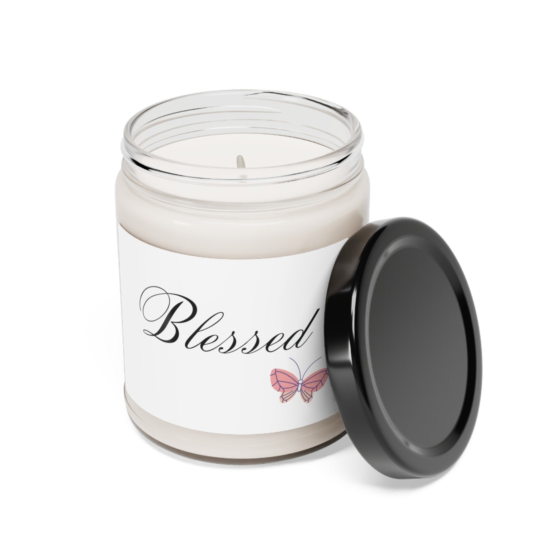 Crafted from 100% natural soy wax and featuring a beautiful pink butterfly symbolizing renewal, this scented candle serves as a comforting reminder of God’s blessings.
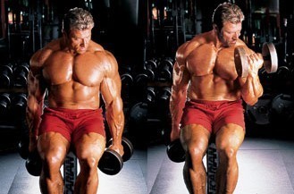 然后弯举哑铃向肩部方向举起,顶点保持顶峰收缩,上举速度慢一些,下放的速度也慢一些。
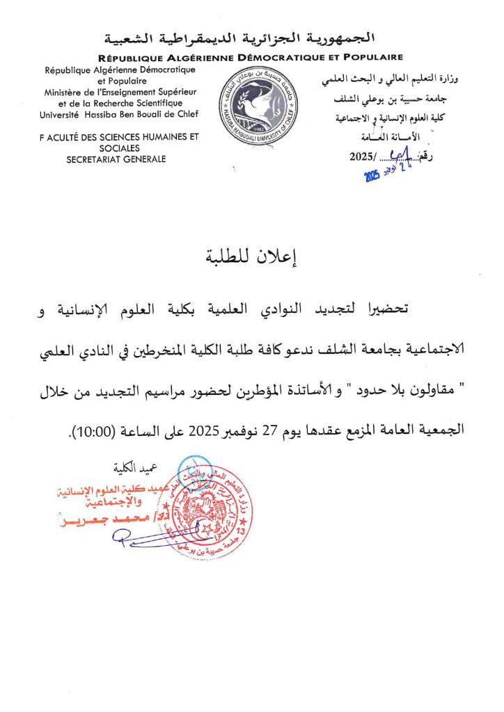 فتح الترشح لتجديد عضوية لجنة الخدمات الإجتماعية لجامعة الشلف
********************
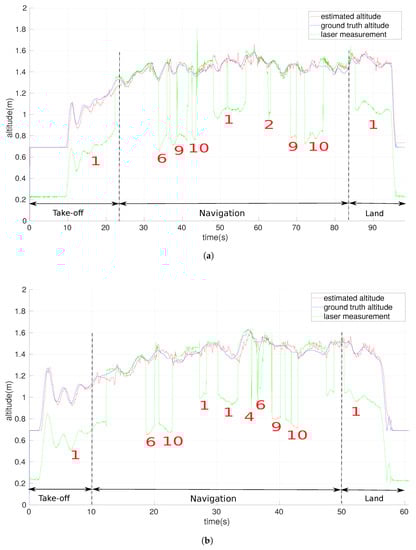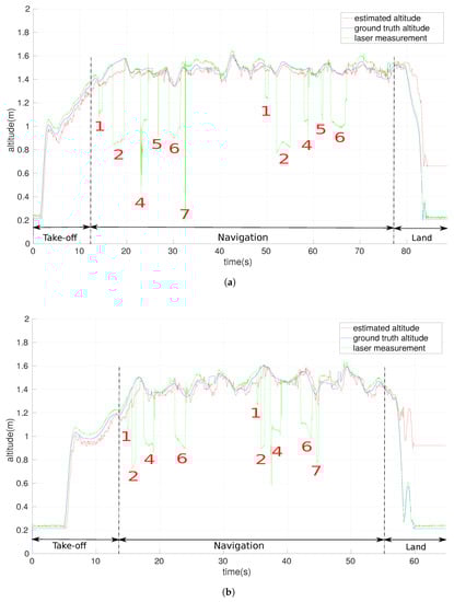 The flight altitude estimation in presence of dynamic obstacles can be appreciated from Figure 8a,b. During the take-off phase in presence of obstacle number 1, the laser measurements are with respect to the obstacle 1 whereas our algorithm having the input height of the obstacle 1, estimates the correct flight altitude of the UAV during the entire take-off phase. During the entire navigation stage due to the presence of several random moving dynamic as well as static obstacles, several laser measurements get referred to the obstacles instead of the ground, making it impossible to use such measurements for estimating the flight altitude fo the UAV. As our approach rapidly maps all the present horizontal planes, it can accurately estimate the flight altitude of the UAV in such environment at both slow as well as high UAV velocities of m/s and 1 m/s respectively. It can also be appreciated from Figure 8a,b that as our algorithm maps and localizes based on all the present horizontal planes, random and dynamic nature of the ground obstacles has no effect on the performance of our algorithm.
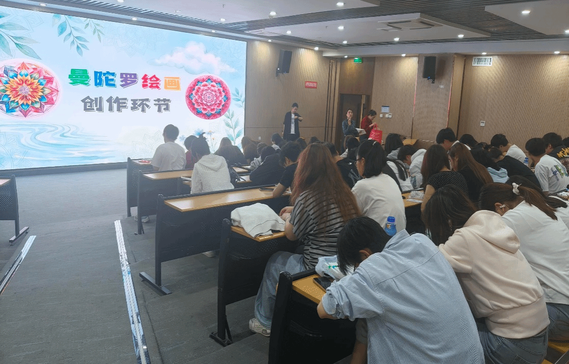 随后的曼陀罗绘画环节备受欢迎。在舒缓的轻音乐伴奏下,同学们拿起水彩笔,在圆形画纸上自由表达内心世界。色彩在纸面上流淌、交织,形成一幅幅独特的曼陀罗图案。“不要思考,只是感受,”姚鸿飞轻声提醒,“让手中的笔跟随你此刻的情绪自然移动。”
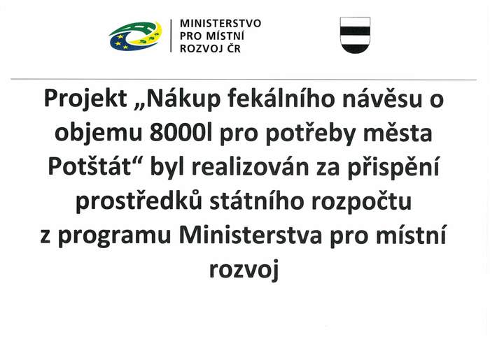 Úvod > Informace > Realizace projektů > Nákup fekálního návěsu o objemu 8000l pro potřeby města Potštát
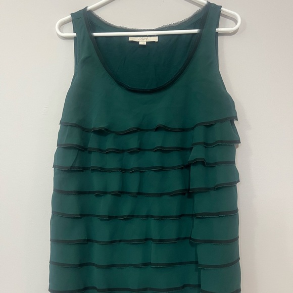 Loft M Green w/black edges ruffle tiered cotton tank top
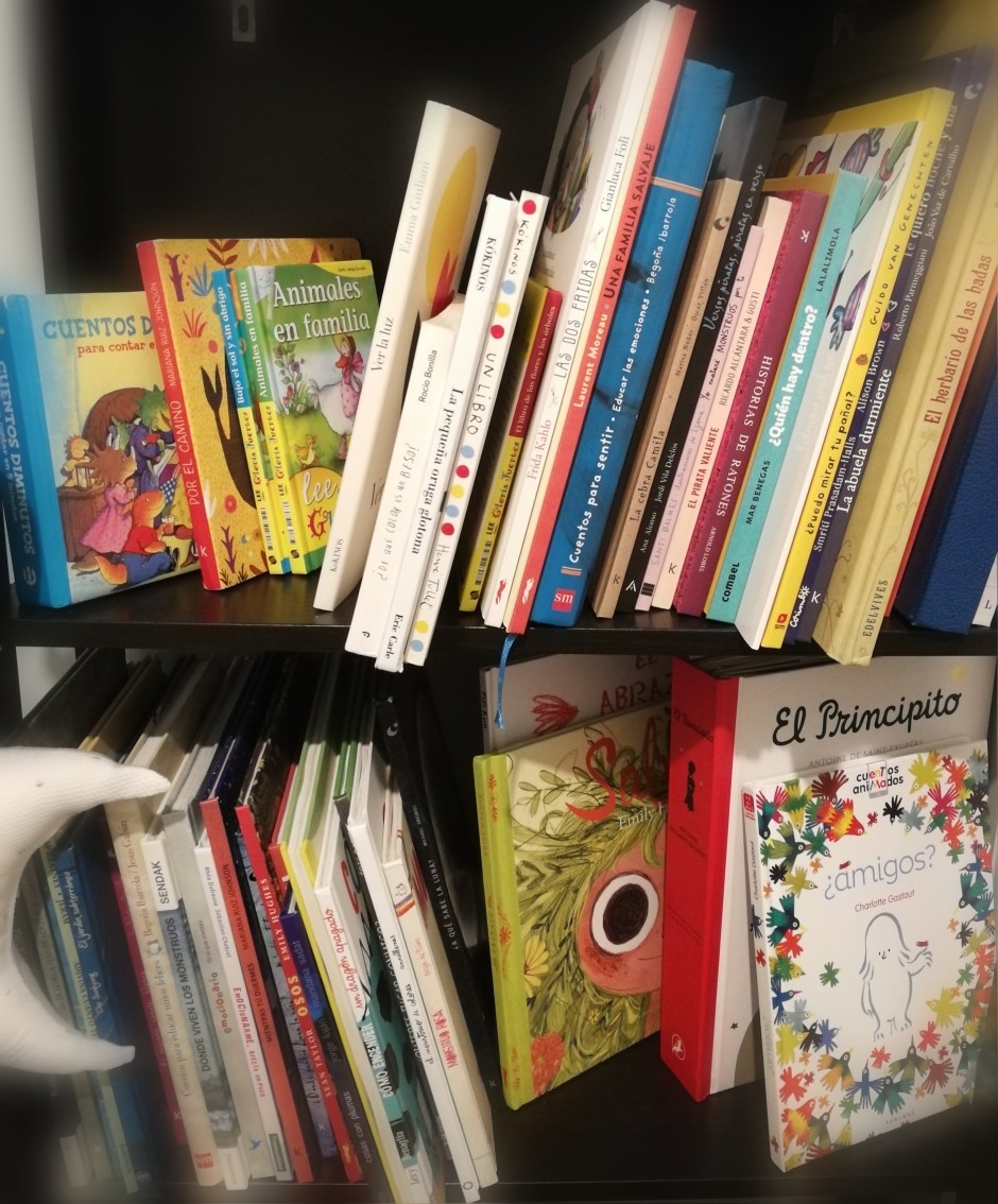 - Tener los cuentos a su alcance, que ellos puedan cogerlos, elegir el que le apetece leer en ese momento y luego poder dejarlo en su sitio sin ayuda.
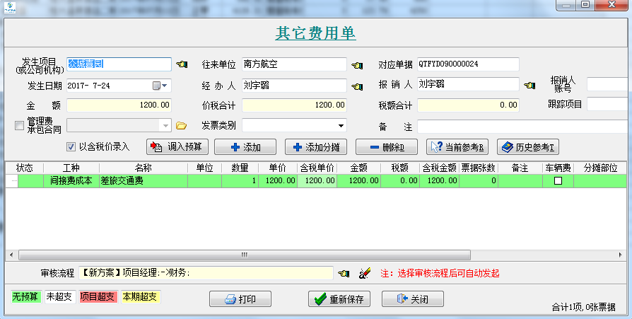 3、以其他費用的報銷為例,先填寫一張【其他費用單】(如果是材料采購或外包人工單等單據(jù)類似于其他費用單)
********************
In the listing above, find the line with "随后的曼陀罗绘画环节备受欢迎" and the line with "3、以其他費用的報銷為例,先". Copy exactly those two and every line between, without the pictures.

SOLUTION FOR THIS TASK =
 随后的曼陀罗绘画环节备受欢迎。在舒缓的轻音乐伴奏下,同学们拿起水彩笔,在圆形画纸上自由表达内心世界。色彩在纸面上流淌、交织,形成一幅幅独特的曼陀罗图案。“不要思考,只是感受,”姚鸿飞轻声提醒,“让手中的笔跟随你此刻的情绪自然移动。”
 Úvod > Informace > Realizace projektů > Nákup fekálního návěsu o objemu 8000l pro potřeby města Potštát
 Loft M Green w/black edges ruffle tiered cotton tank top
 - Tener los cuentos a su alcance, que ellos puedan cogerlos, elegir el que le apetece leer en ese momento y luego poder dejarlo en su sitio sin ayuda.
 3、以其他費用的報銷為例,先填寫一張【其他費用單】(如果是材料采購或外包人工單等單據(jù)類似于其他費用單)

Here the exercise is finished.